# which underwear do you like on your man?



## supr

I just wanted to know if there is a specific underwear women like on their man, i recently bought jockey midway pouch brief. I love it and even my wifes loves it as she can access it so easily
:lol:
Jockey jockey® pouch midway® brief - 2 pack 1142 at Jockey.com Men's Underwear


----------



## Therealbrighteyes

supr said:


> I just wanted to know if there is a specific underwear women like on their man,


The kind that doesn't infect their computer with a Trojan horse or worm. That's the best underwear.


----------



## 2nd_t!me iz_best

Therealbrighteyes said:


> The kind that doesn't infect their computer with a Trojan horse or worm. That's the best underwear.



:rofl: you said...TROJAN


----------



## Therealbrighteyes

2nd_t!me iz_best said:


> :rofl: you said...TROJAN


Damn USC.


----------



## anna garret 01

What's underwear? i LIKE COMMANDO


----------



## janesmith

definately boxer briefs. he used to wear tighty whities and i hated them. looked like big diapers.


----------



## that_girl

Plaid boxers


----------



## EleGirl

janesmith said:


> definately boxer briefs. he used to wear tighty whities and i hated them. looked like big diapers.
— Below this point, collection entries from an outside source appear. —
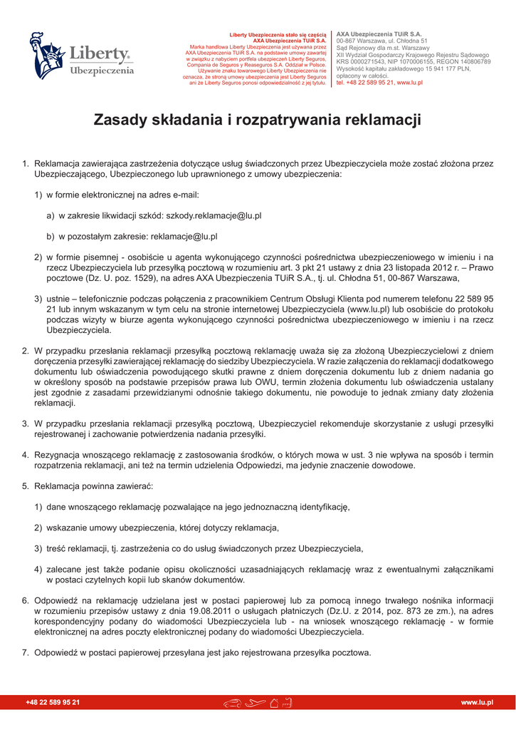 Liberty Ubezpieczenia stało się częścią AXA Ubezpieczenia TUiR S.A. Marka handlowa Liberty Ubezpieczenia jest używana przez AXA Ubezpieczenia TUiR S.A. na podstawie umowy zawartej w związku z nabyciem portfela ubezpieczeń Liberty Seguros, Compania de Seguros y Reaseguros S.A. Oddział w Polsce. Używanie znaku towarowego Liberty Ubezpieczenia nie oznacza, że stroną umowy ubezpieczenia jest Liberty Seguros ani że Liberty Seguros ponosi odpowiedzialność z jej tytułu. AXA Ubezpieczenia TUiR S.A. 00-867 Warszawa, ul. Chłodna 51 Sąd Rejonowy dla m.st. Warszawy XII Wydział Gospodarczy Krajowego Rejestru Sądowego KRS 0000271543, NIP 1070006155, REGON 140806789 Wysokość kapitału zakładowego 15 941 177 PLN, opłacony w całości. tel. +48 22 589 95 21, www.lu.pl Zasady składania i rozpatrywania reklamacji 1. Reklamacja zawierająca zastrzeżenia dotyczące usług świadczonych przez Ubezpieczyciela może zostać złożona przez Ubezpieczającego, Ubezpieczonego lub uprawnionego z umowy ubezpieczenia: 1) w formie elektronicznej na adres e-mail: a) w zakresie likwidacji szkód: [email protected] b) w pozostałym zakresie: [email protected] 2) w formie pisemnej - osobiście u agenta wykonującego czynności pośrednictwa ubezpieczeniowego w imieniu i na rzecz Ubezpieczyciela lub przesyłką pocztową w rozumieniu art. 3 pkt 21 ustawy z dnia 23 listopada 2012 r. – Prawo pocztowe (Dz. U. poz. 1529), na adres AXA Ubezpieczenia TUiR S.A., tj. ul. Chłodna 51, 00-867 Warszawa, 3) ustnie – telefonicznie podczas połączenia z pracownikiem Centrum Obsługi Klienta pod numerem telefonu 22 589 95 21 lub innym wskazanym w tym celu na stronie internetowej Ubezpieczyciela (www.lu.pl) lub osobiście do protokołu podczas wizyty w biurze agenta wykonującego czynności pośrednictwa ubezpieczeniowego w imieniu i na rzecz Ubezpieczyciela. 2. W przypadku przesłania reklamacji przesyłką pocztową reklamację uważa się za złożoną Ubezpieczycielowi z dniem doręczenia przesyłki zawierającej reklamację do siedziby Ubezpieczyciela. W razie załączenia do reklamacji dodatkowego dokumentu lub oświadczenia powodującego skutki prawne z dniem doręczenia dokumentu lub z dniem nadania go w określony sposób na podstawie przepisów prawa lub OWU, termin złożenia dokumentu lub oświadczenia ustalany jest zgodnie z zasadami przewidzianymi odnośnie takiego dokumentu, nie powoduje to jednak zmiany daty złożenia reklamacji. 3. W przypadku przesłania reklamacji przesyłką pocztową, Ubezpieczyciel rekomenduje skorzystanie z usługi przesyłki rejestrowanej i zachowanie potwierdzenia nadania przesyłki. 4. Rezygnacja wnoszącego reklamację z zastosowania środków, o których mowa w ust. 3 nie wpływa na sposób i termin rozpatrzenia reklamacji, ani też na termin udzielenia Odpowiedzi, ma jedynie znaczenie dowodowe. 5. Reklamacja powinna zawierać: 1) dane wnoszącego reklamację pozwalające na jego jednoznaczną identyfikację, 2) wskazanie umowy ubezpieczenia, której dotyczy reklamacja, 3) treść reklamacji, tj. zastrzeżenia co do usług świadczonych przez Ubezpieczyciela, 4) zalecane jest także podanie opisu okoliczności uzasadniających reklamację wraz z ewentualnymi załącznikami w postaci czytelnych kopii lub skanów dokumentów. 6. Odpowiedź na reklamację udzielana jest w postaci papierowej lub za pomocą innego trwałego nośnika informacji w rozumieniu przepisów ustawy z dnia 19.08.2011 o usługach płatniczych (Dz.U. z 2014, poz. 873 ze zm.), na adres korespondencyjny podany do wiadomości Ubezpieczyciela lub - na wniosek wnoszącego reklamację - w formie elektronicznej na adres poczty elektronicznej podany do wiadomości Ubezpieczyciela. 7. Odpowiedź w postaci papierowej przesyłana jest jako rejestrowana przesyłka pocztowa. +48 22 589 95 21 www.lu.pl 8. Ubezpieczyciel udziela odpowiedzi na reklamację niezwłocznie po rozpatrzeniu reklamacji, jednak w terminie nie dłuższym, niż 30 dni od dnia otrzymania reklamacji. Do zachowania terminu wystarczy wysłanie odpowiedzi przed jego upływem. 9. W szczególnie skomplikowanych przypadkach uniemożliwiających udzielenie odpowiedzi w terminie określonym w ust. 8., Ubezpieczyciel informuje wnoszącego reklamację (w formie właściwej dla odpowiedzi na reklamację) o: 1) przyczynie opóźnienia, 2) okolicznościach, które Ubezpieczyciel musi ustalić w celu rozpatrzenia reklamacji, 3) przewidywanym terminie przesłania odpowiedzi, który jednak nie może przekroczyć 60 dni od dnia otrzymania reklamacji. 10.W relacjach z wnoszącym reklamację, który jest osobą fizyczną mają zastosowanie następujące zasady: 1) przypadku niedotrzymania terminu wskazanego w ust. 8 lub 9 pkt 3) reklamację uważa się za rozpatrzoną zgodnie z wolą wnoszącego reklamację; 2) jeżeli wnoszący reklamację nie zgadza się z odpowiedzią na reklamację może wnieść do Rzecznika Finansowego wniosek o rozpatrzenie sprawy w ramach pozasądowego postępowania w sprawie rozwiązywania sporów zgodnie z przepisami ustawy z 5 sierpnia 2015 r. o rozpatrywaniu reklamacji przez podmioty rynku finansowego i o Rzeczniku Finansowym (Dz.U. z 2015 r., poz. 1348). +48 22 589 95 21 www.lu.pl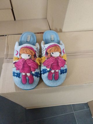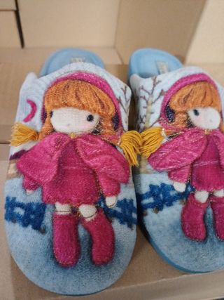 Preciosas pantuflas para, ideales para mantener los pies calentitos en casa. Son de color azul y rosa, con un diseño encantador. - Diseño con una niña bordada. - Material suave y cómodo. - Perfectas para el invierno. - Se venden dos pantuflas.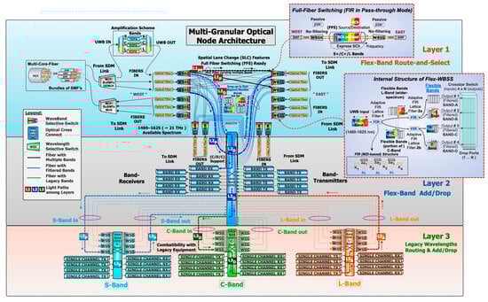 Layer 2 relies solely on an Inter-Band Optical Cross Connect (OXC) which can manage and receive/forward bands (or portion of bands) in a Colorless/Directionless/Contentionless manner (C/D/C) [1] from/to the local band-transceivers. Blue lines from the West ingress WBSS direct the selected flex-bands to the OXC (L1D in Figure 1), which can either assign each dropped band to an available band receiver (L2D in Figure 1) or pass through the selected flex-bands to another degree (L2P in Figure 1), either to improve the traffic management or/and to provide enhanced redundancy and resilience. Similarly, the blue lines from the OXC to the East/South egress WBSS represent additional paths for signals originating from band-transmitters, with the reconfiguration association performed by the OXC. For clarity, other blue connection lines are omitted. Finally, the lowest hierarchy, Layer 3—(Legacy Wavelengths Access for Routing and Add/Drop), ensures compatibility with legacy equipment such as C-band transmission systems. Bands S, C and L, which require wavelength access, are configured via conventional WSS interfacing with an Intra-Band OXC. This setup supports routing and/or wavelength add (L3A in Figure 1) or drop (L3D in Figure 1) to single-channel transceivers. The choice for passing individual wavelengths through the node to another degree is another option too (L3P in Figure 1). As wavelength access is expected to be phased out gradually, resources at this layer can be decommissioned over time and replaced by scalable elements of Layer-2 (e.g., WBSSs, band-transceivers).

I hate tighty whites too... so not sexy at all. To me they look like the undies that little boys wear.


----------



## that_girl

EleGirl said:


> I hate tighty whites too... so not sexy at all. To me they look like the undies that little boys wear.


Ewww Tightie Whities are nasty. Reminds me of my dad when he'd go from his bedroom to the kitchen to get his coffee. GAG!


----------



## bubbly girl

Definitely boxer briefs. He looks so sexy in them.:smthumbup:


----------



## square1

Boxer briefs are super hot on my h. 
From time to time he wears boxers but he tends to rip those easily at work.


----------



## that_girl

Hubs says boxer briefs feel too snug on his....package. lolll


----------



## square1

that_girl said:


> Hubs says boxer briefs feel too snug on his....package. lolll


My husband wore boxers all the time in the beginning of our relationship but with the army and his new job he said boxer briefs keep everything more secure.


----------



## anotherguy

square1 said:


> My husband wore boxers all the time in the beginning of our relationship but with the army and his new job he said boxer briefs keep everything more secure.


I have to agree here...

and it is what the wife buys for me, so I assume she likes them.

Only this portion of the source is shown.